El estado de Excepción no es la panacea

Renovar la vigencia del estado de Excepción para la Macrozona Sur está lejos de lo que se ha querido mostrar como con logro para el Gobierno, porque la continuidad de esta ley de contingencia impuesta por sí sola sólo confirma el fracaso del Plan Araucanía, anunciado con bombos y platillos. Por ello coincido plenamente con la senadora Yasna Provoste en que "cada militar en la región es un retroceso en el diálogo", ineficacia del actual Ejecuivo, cuya acción se ha resumido en distintas puestas en escena y parafernalia sin algún tipo de avance.

Lamentablemente, el Estado no ha sido capaz de lograr una estrategia de reivindicación del pueblo mapuche, es difícil buscar soluciones meditadas y de largo plazo a temas complejos en tiempos electorales, y la violencia que observamos no tiene relación con esta legítima demanda. Compleja ecuación que creo sólo es abordable desde la perspectiva de una propuesta integral y conjunta.

Se nos pide esta prórroga con un débil argumento, de que la presencia militar es necesaria para apoyar y ejercer el control que debieran desplegar las policías, pero militarizar la región devela una debilidad del Gobierno ante la ausencia de una propuesta integral y consensuada para caminar hacia reconocer el derecho y reivindicaciones de las comunidades mapuches, que demandan la restitución de tierras ancestrales.

Entonces, lo peor que podemos hacer es tapar el sol con un dedo, porque este problema es de muchos años, todos los gobiernos han fracasado. Es cierto que hoy día se vive una situación de violencia extrema mucho más grave que la que teníamos hace un tiempo atrás, desconocer eso es cometer un error respecto los problemas objetivos que vive La Araucanía.

El hecho es que hoy el Gobierno es el que tiene la responsabilidad de resguardar el orden público, de garantizar el derecho de las personas, entonces esta prórroga no significa un respaldo a esta administración, sino un emplazamiento de que al termino de estos 15 días, será su responsabilidad venir a este Senado a explicar para qué sirvieron, qué se hizo. Insisto, no hay fórmulas mágicas para enfrentar esta solución, se requiere una propuesta integral y si se avanza en esa vía, bienvenido sea.
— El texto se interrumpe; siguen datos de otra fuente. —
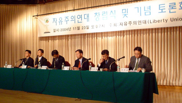 11¿ù 23ÀÏ ¿ÀÈÄ 7½Ã ¸íµ¿ ÀºÇ࿬ÇÕȸ°ü ±¹Á¦ ȸÀǽǿ¡¼ ÀÚÀ¯ÁÖÀÇ ¿¬´ëÀÇ °ø½Ä ⸳½Ä°ú ±â³ä Åä·Ðȸ°¡ ¿·È´Ù. ÀÌ ÀÚ¸®¿¡´Â ¾à 180 ¿©¸íÀÌ Âü¼®, ÀÚ¸®¸¦ ¸Þ¿ü´Ù. ÁÂÀ͵éÀÇ Çà»ç¿Í´Â È®¿¬È÷ ´Ù¸£°Ô, ±¹¹ÎÀǷʸ¦ ½ÃÀÛÀ¸·Î Çà»ç¸¦ ÁøÇàÇß´Ù.
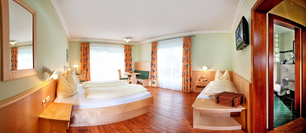 Unsere schönen Doppelzimmer mit Balkon bestechen mit viel Geräumigkeit und Komfort - bestehend aus Dusche/WC, Flachbild-TV, Minibar, Safe, sowie einer gemütlichen Sitzecke. Natürliches Holz und angenehme Farben verleihen Behaglichkeit und Wärme.
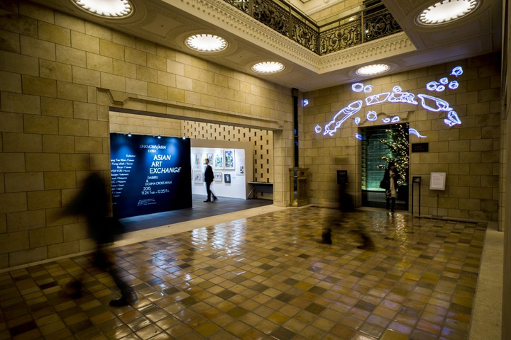 レーザープロジェクションマッピングによって、明るいオフィスビルのエントランスでも「土地の歴史を彷彿させるアート」という要件をクリアした作品

Diseñar esta política para buscar un entendimiento pasa por el reconocimiento a las reivindicaciones legítimas del pueblo mapuche, partiendo por sus derechos, su cultura, su lenguaje, su tradición y esa estrategia integral para enfrentar este desafío necesariamente tiene que contener lineamientos políticos, sociales, culturales y también económicos. Ese norte es el que no podemos perder hoy de vista al enfrentar esta situación, debemos privilegiar el sentido de bien común ante esta violencia planteada por grupos pequeños armados que tienen objetivos completamente distintos a los que son las reivindicaciones legítimas, consiguiendo la polarización y temor por la situación de indefensión que se vive en la zona.

Es lógica entonces esta desconfianza de los ciudadanos, pese a aquello no podemos desconocer el rol que tiene al respecto el Estado y es La Moneda la responsable de garantizar el orden, pero esta medida de excepción no es la panacea y menos se puede tomar como un cheque en blanco.